KRULWICH: And happily, they now have evidence. More and more evidence, says Kirby Johnson, that looks like the good hypothesis may be correct. For example, here's a case.

Dr. JOHNSON: Well, this was a woman who came into a neighboring hospital in Boston with symptoms of hepatitis. She was an intravenous drug user.

KRULWICH: And she had had five conceptions. She'd had one child, two miscarriages, two abortions - so that's five in all. She could be carrying, therefore, a lot of fetal cells. And they examined her.

Dr. JOHNSON: And in the process, she had a liver biopsy.

KRULWICH: And the doc said, well, why don't we send her liver to the lab to see if there any fetal cells gathering where she's got trouble? And when they looked…

Dr. JOHNSON: We found hundreds…


Dr. JOHNSON: …and hundreds of fetal cells.

KRULWICH: Normally, they'd expect five or 10 cells.

Dr. JOHNSON: But this was a very large - we saw literally sheets of cells -whole areas that seemed to be normal.

KRULWICH: Meaning that those fetal cells had gathered at the liver and like stem cells, they just turned themselves, in this case, into healthy liver cells.

Dr. JOHNSON: And most interestingly, this woman did not desire to have any further treatment done. In fact, she wanted to get back to her normal life and be left alone.

KRULWICH: And so she left the hospital with hepatitis, but when they checked months later, they learned…

Dr. JOHNSON: That she is completely healthy, no signs of further liver damage.

KRULWICH: So no medical intervention, but just a huge number of her babies' fetal cells. Could that lead you to think the poetic thought that she was saved by her kids?

Dr. JOHNSON: We want to think that.

Prof. ARTLETT: I know you do.

(Soundbite of laughter)

Dr. JOHNSON: There - it's the most likely explanation.

KRULWICH: But in science, there is such a thing as a too dangerously beautiful idea.

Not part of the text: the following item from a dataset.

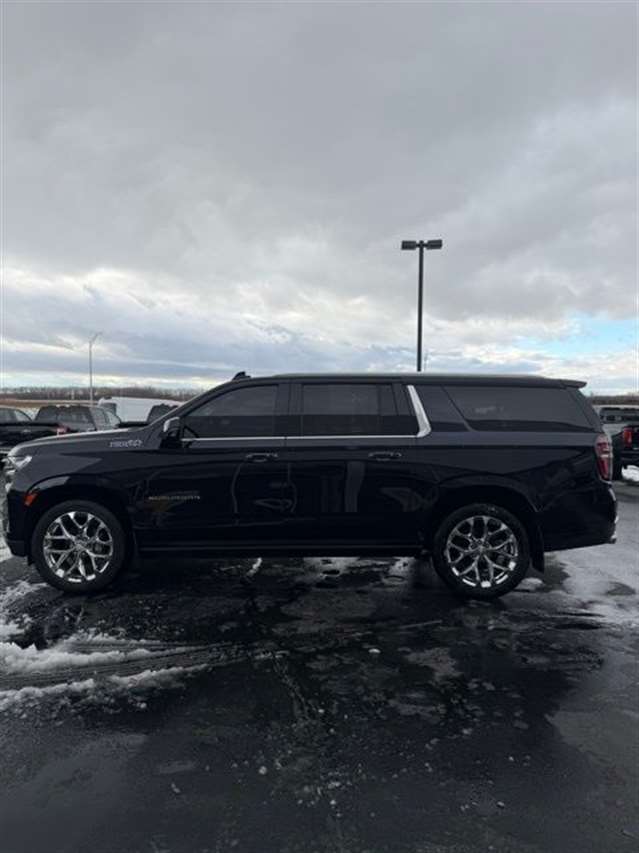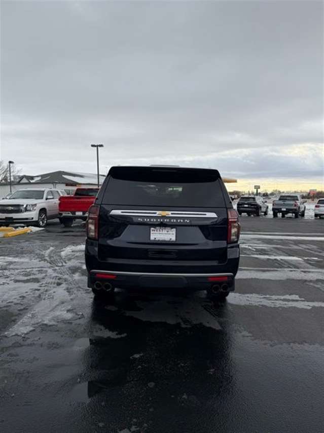 Midnight Blue Metallic 2022 Chevrolet Suburban High Country 4WD 10-Speed Automatic with Overdrive EcoTec3 6.2L V8 **ONE OWNER**, **CLEAN VEHICLE HISTORY**, **LOCAL TRADE IN**, Heated Leather Seating, Power Liftgate, Power Sunroof, OnStar, Satellite Radio, Leather Seats, Rear Bucket Seats.

Dr. JOHNSON: That's right. Right. If - and we say the same thing to ourselves, because it shows such a basic, wonderful thing, but it has to be right. And we can't be led astray by our own desire for it to be true.

KRULWICH: So they are systematically testing the good hypothesis and the bad hypothesis, all these ideas, on laboratory mice. And when they see mother mice with all kinds of diseases, infectious disease, cancer…

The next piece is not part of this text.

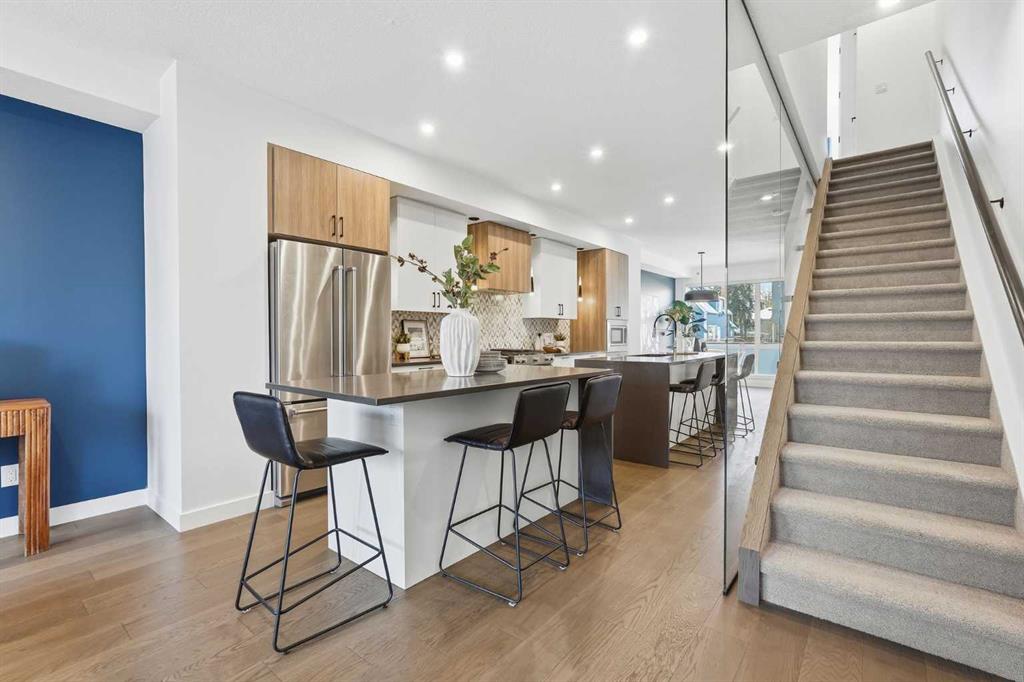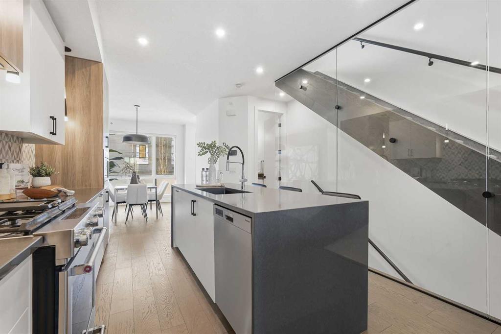 Sophisticated and upscale, this 3 bedroom townhome is nestled in the desirable inner city community of Bankview, offering SPECTACULAR CITY AND DOWNTOWN VIEWS along with over 2,600 sq ft of beautifully designed living space. The open main level is ideal for entertaining, featuring hardwood floors, lofty ceilings, and stylish lighting. A spacious dining area flows seamlessly into the well appointed kitchen, complete with quartz countertops, two large islands providing exceptional prep space, abundant storage,...

Dr. JOHNSON: Ovarian cancer, endometrial cancer, cervical cancers, we find fetal cells there. We know that fetal cells don't…

KRULWICH: Over and over and over and over?

Dr. JOHNSON: Over and over and over and over.

KRULWICH: Suggesting that fetal cells regularly rush to the places where they're needed in the mom. And, says Carol Artlett…

Prof. ARTLETT: There's a lot of evidence now starting to come out that these cells may actually be repairing tissue.

KRULWICH: That is, protecting the mom. While the other hypothesis that fetal cells hurt the moms - there, the more they look, the less they find.

Dr. JOHNSON: I can't recall a single study that's been truly reproduced to verify the bad fetal cell hypothesis.

KRULWICH: So while no one knows in the end which way it'll go…

Dr. JOHNSON: I think that that's something that we're going to see within the next five years or less.

KRULWICH: So far, a sense is building that fetal cells probably stay in mothers for decades to defend and to protect them, which increasingly is a quiet consolation to Kirby Johnson, because it's now more likely that his cells and his brother's cells were helping their mom, not hurting. And even though his mother did die, Kirby's beginning to feel differently.

Dr. JOHNSON: Well, maybe if it wasn't for my brother and I, she may have passed a few years earlier. Maybe we bought her a couple of extra years of time so she could have a few more birthdays and a few more Mother's Days. And that, if I can just say, that there is some way where I can even have the remotest thought that I contributed to the extension of my mother's life, even if it was a few days, that would make all of the years that I've spent doing this research worthwhile.

STEWART: And that was Robert Krulwich reporting.